Tuesday, September 27, 2011

Jaime, Max, me, and a motley pack

One of the things I mentioned in my list yesterday was rescuing dogs. Perhaps the most memorable episodes for me, which I'll again get to see in a matter of days now with season 3 finally coming out, were the ones with the Bionic Dog Max.  This is also a huge way that I have been influenced by Jaime Sommers and have tried to emulate her all these years. I love German Shepherd Dogs, I love all dogs and I've never had a purebred GSD but that's okay, they don't need to be pure, and I totally believe in the importance of rescuing and reclaiming dogs that others have given up on.

In The Bionic Dog, Jaime finds out that Max-a-Million (who cost a million to rebuild) was a test animal for bionics. He had been in a fire and lost his legs and jaw, which were replaced. No one in all that time (and he had to be pretty old, but then her childhood dog showed up in a first season episode, so dogs there live long, too bad they don't in real life) realized that he suffered severe trauma from the fire. Instead they blamed bionic rejection for his behavior and called his fear response aggression. This is not far fetched, sadly, I have learned. Most people do not get that dogs actually have feelings, that they remember trauma, or that when they are "vicious" it's in fact fear that they are reacting from.

I totally blame these episodes for raising my awareness of how mistreated so many dogs are. I started adopting dogs in my teens, with a good deal of begging and negotiation with my parents.
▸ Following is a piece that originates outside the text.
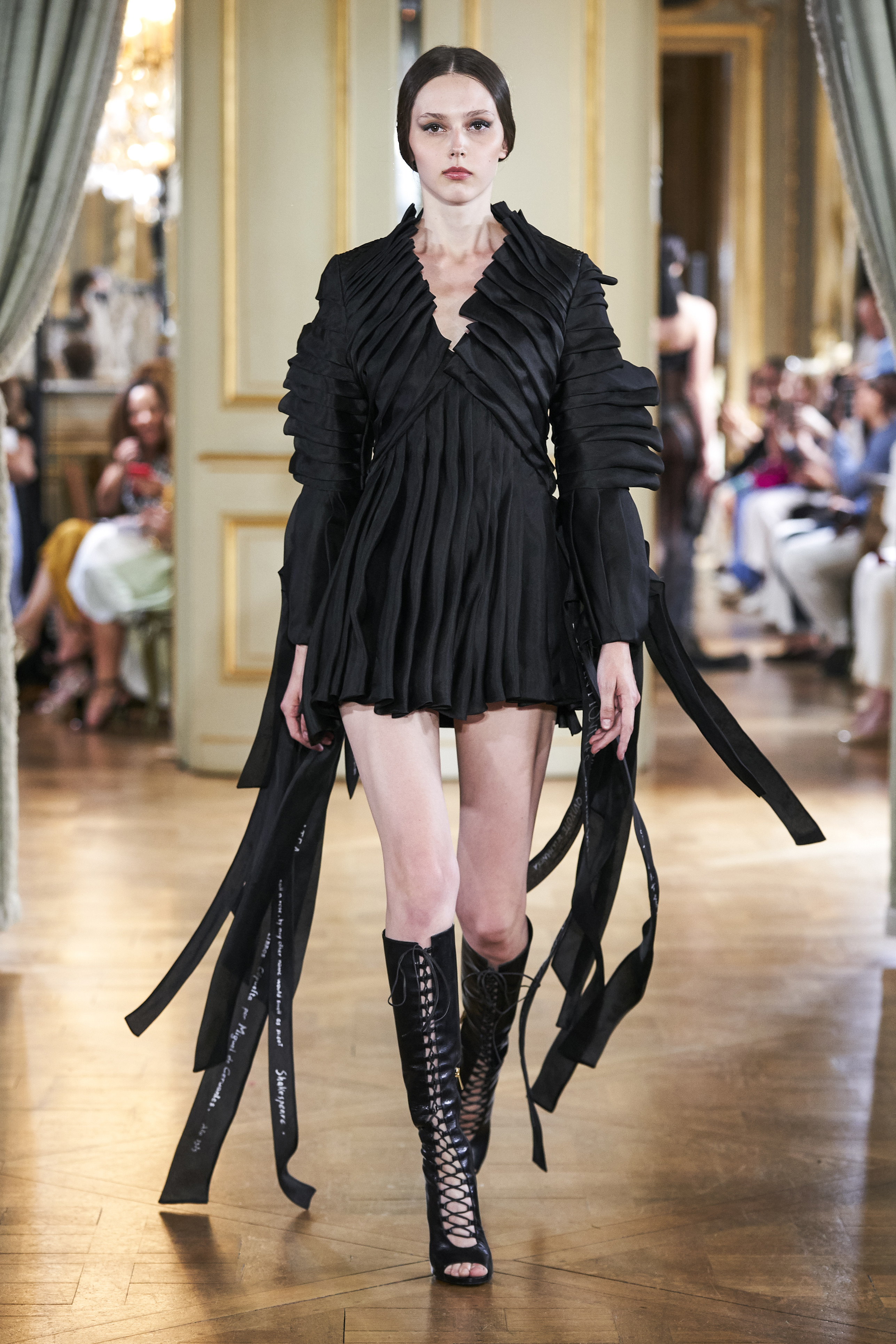 The romantic collection tells the story of the women of the future that leaves an increasingly contaminated earth behind for a new planet. Embodied by the sculptural dresses’ with details as silk ribbons and folded organza that bear the resemblance of the pages of a book, she is taking the most precious creation of humanity, the culture, with her on her quest.

Not all my dogs have had GSD in them, but some have, my first one had. Except for a very short time, I have not lived without at least one dog in my house since I can remember, as my parents did have dogs when I was younger but until I got them to understand they had bought the earlier ones. I also learned to teach basic training, to help others with dogs who have developed issues due to their past. It's something I always want to continue to build.
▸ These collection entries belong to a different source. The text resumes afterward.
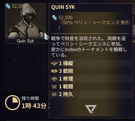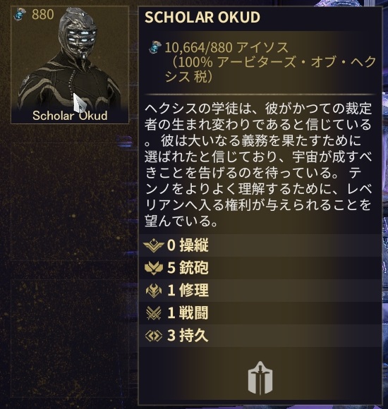 ただ自分はヘクシス・スーダのランクが-2、それ以外の4シンジケートのランクが5で、ヘクシスクルーの契機に内容的にもシンジケートとの関係が悪いからこそ見れる経歴でも不思議ではない経歴の(表には自分が追加したので・一般ボーイさんが直接は見た事が無いと思われる)「星系を粛正する戦いに倦み疲れ始めた。」があり、「人物像の偏りにシンジケートとの関係が関わって来たりしないのか」という部分が気になってます。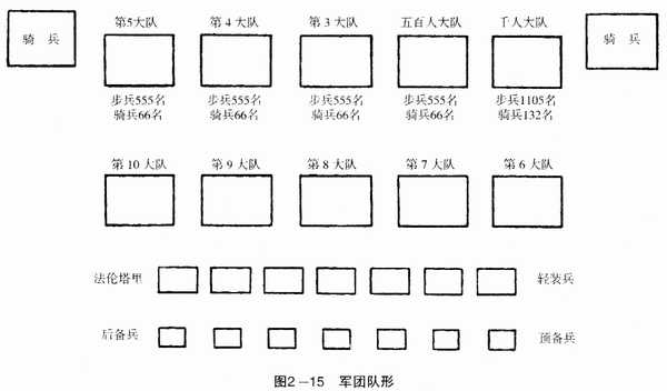 第七大队由步兵555名和骑兵66名组成。第八大队由步兵555名和骑兵66名组成,它的建制中应有无畏勇士,因为在第二排里第八大队位居中央。第九大队由步兵555名和骑兵62名组成。第十大队也由步兵555名和骑兵62名组成,通常该大队也由优秀战士编成,因为在第二排里它配置在左翼。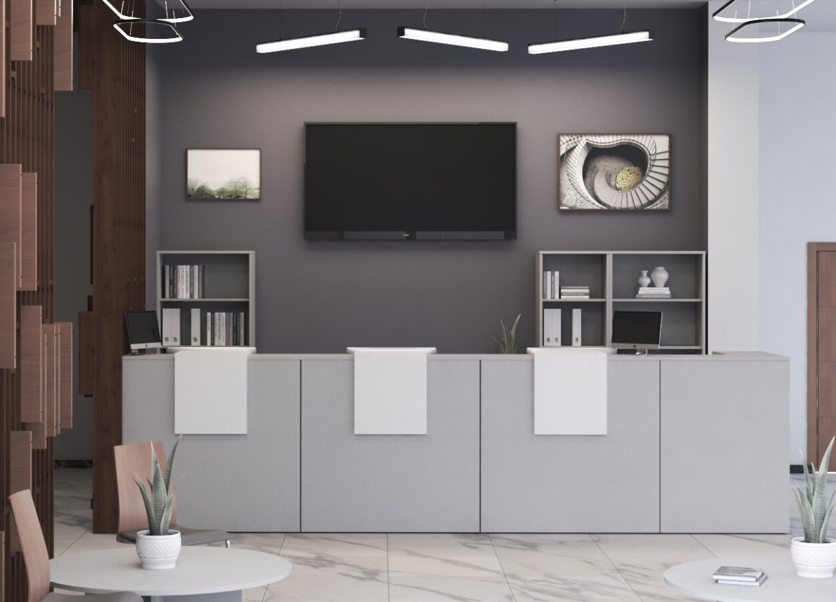Стойка ресепшен прямая Арго А-553 Белый 1460х360х1220 (Техно)
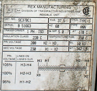 37.5 kVA REX Reconditioned Transformer 208-230V Cat No SC37BC1 SKU 3258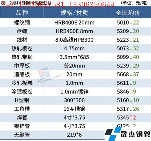 建筑厚壁無縫鋼管:2月14日,全國31個主要城市20mm三級抗震螺紋鋼均價5010元/噸,較上個交易日下跌22元/噸。終端陸續開工,采購量較少,投機性需求寥寥無幾,全天成交表現較差。短期來看,受原料端拖累,期螺走弱,帶動市場避險情緒升溫,市場套現需求增加,不過整體需求偏弱。預計15日國內建筑厚壁無縫鋼管價格或將繼續趨弱為主。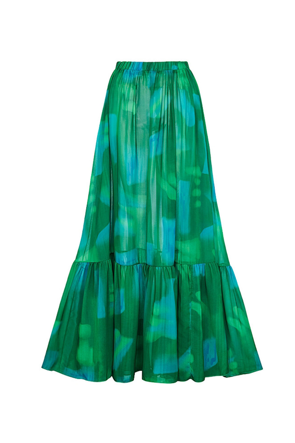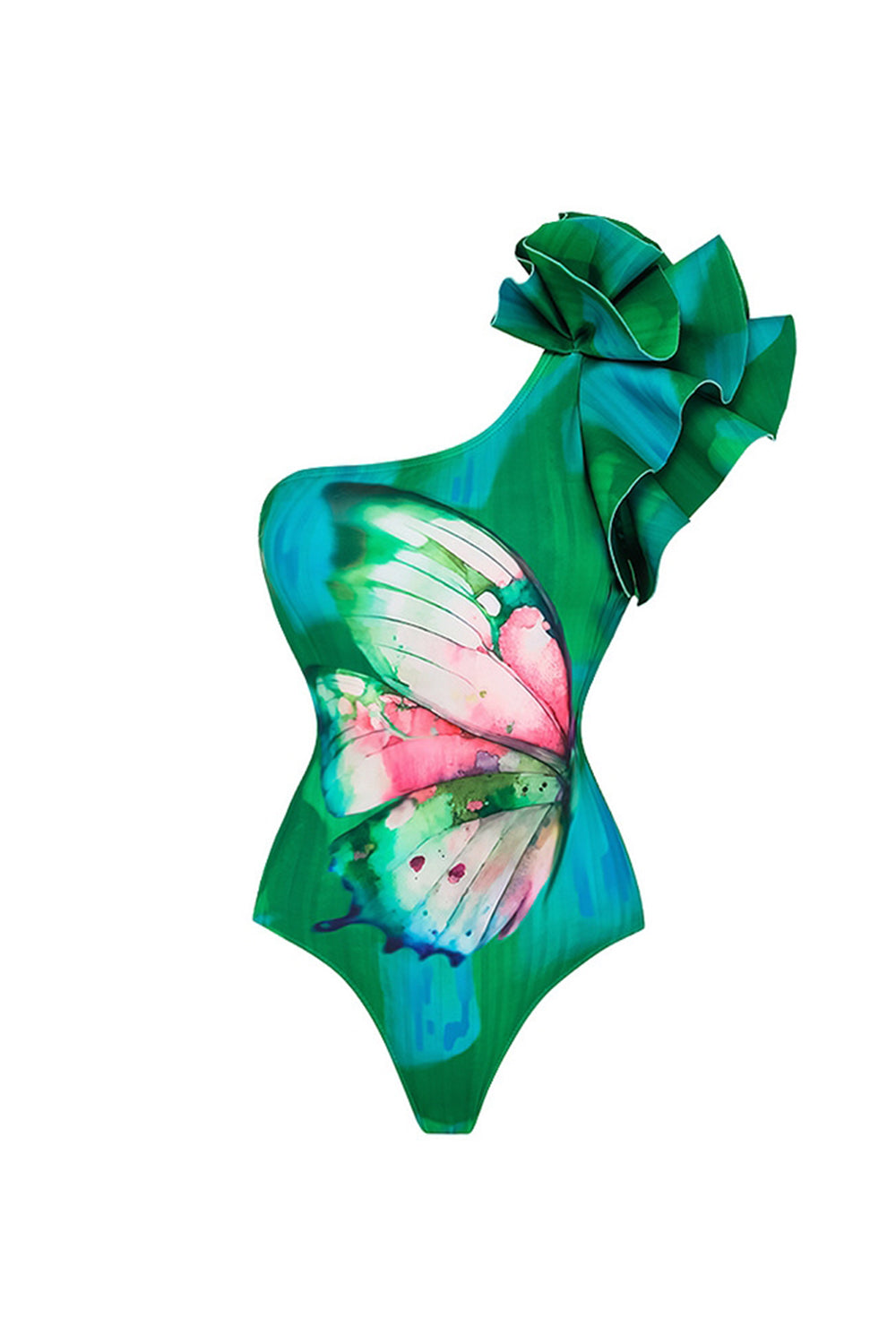 Dark Green One Shoulder Ruffled Printed Swimsuit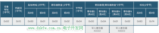 2) 功能码-0x10(写多个寄存器)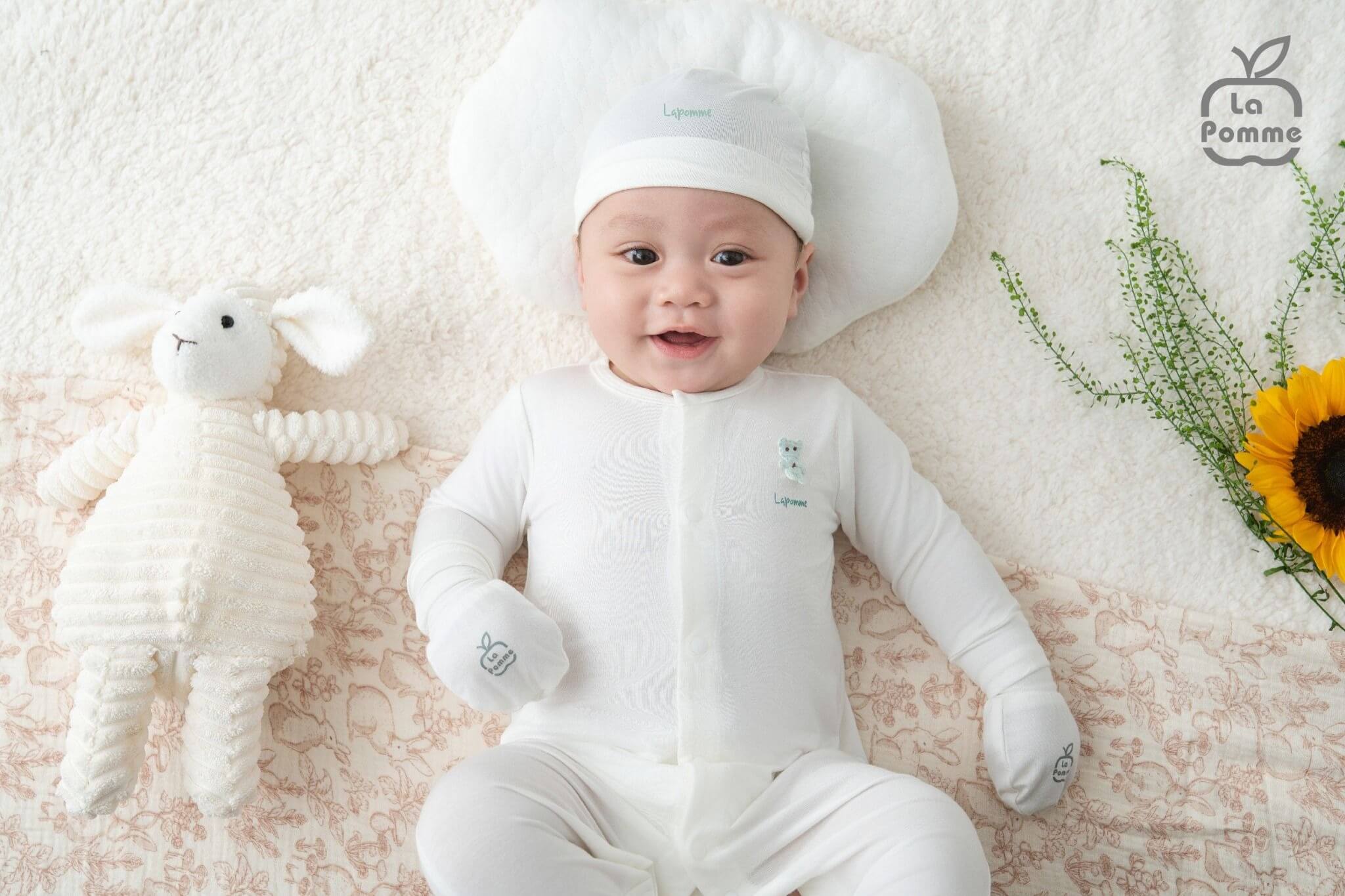 Body dài tay La Pomme Người bạn êm mềm - Newborn,0,3M Trắng

I am apparently not alone in having at least some influence from Jaime for this passion. I came across this blog post today Summer of My German Shepherd and I just thought I'd share it here. This is one of the things about this show, the level of compassion, the ability to raise awareness. Not just on dog issues, but on many things. This blogger and I might have become dog rescuers anyway, we might have just had something already in ourselves sparked. But there is an importance of having something even innately within us awakened, verified, supported in this way.
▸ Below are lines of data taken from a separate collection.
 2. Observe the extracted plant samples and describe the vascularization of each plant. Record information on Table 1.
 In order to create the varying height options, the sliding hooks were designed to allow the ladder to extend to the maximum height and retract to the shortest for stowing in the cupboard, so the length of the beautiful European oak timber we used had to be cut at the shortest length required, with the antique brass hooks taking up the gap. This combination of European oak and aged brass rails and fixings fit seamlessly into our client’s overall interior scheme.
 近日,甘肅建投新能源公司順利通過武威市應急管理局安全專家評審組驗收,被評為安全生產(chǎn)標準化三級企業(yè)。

Monday, September 26, 2011

A few of the things I learned from the Bionic Woman Jaime Sommers

Some of these I have done better than others:

Teach, what ever you give is returned tenfold.

Don't marry unless you really know you love the person.

If you're really strong you don't have to hurt people to show prove it.

Be adaptable.

If possible live on a horse ranch.

Dogs, all animals, suffer too and need understanding, rescue them, especially those others have given up on.

Run free....

Saturday, September 24, 2011

What got me going on this

I loved the Bionic Woman as a kid, I have realized recently how much the TV show and the character of Jaime Sommers helped me develop. I lost that for awhile, but I feel like that influence is back now. And with the series coming out on DVD, the third season coming out next month (MAX! the bionic dog!) I just got really back into the fandom.

The star of the series (because we're talking the original), Lindsay Wagner, has appeared on some episodes of Warehouse 13. In this season there was an exchange, perhaps a message to her Bionic Woman fans. She had two men vieing for her attention.  One was an old lover (Rene Auberjonois who had appeared with her playing an artist, forger, in the BW episode "The DeJon Caper"), who drew a picture of  her looking as she did in BW as it would have been about that time, another someone who came into her life recently. The latter expected her to reunite with her old lover, but she showed him the drawing and said something like "when he looks at me he still sees this young girl. She's inside of me, but she's not me. When you look at me you see me."

I realized that I do see how she's grown, the things she's done since then, changes. But I still want to be that young girl!  Or what she might have become. And not necessarily what Lindsay has become, although I'm not saying that's bad but she's a real person and I'm not her. I'm not Jaime either, but at least it seems a little less creepy to want to be a fictional character than it does someone who's living a real life.

So for how Lindsay Wagner developed since the Bionic Woman you should go to her websites LindsayWagner.com and Lindsay Wagner's "Quiet the Mind & Open the Heart".  This will be bits and pieces of how this show influenced me in my life. And how I failed to live up to it and how I got back. So this is about me, not bionic, but still trying to be Jaime. Sort of.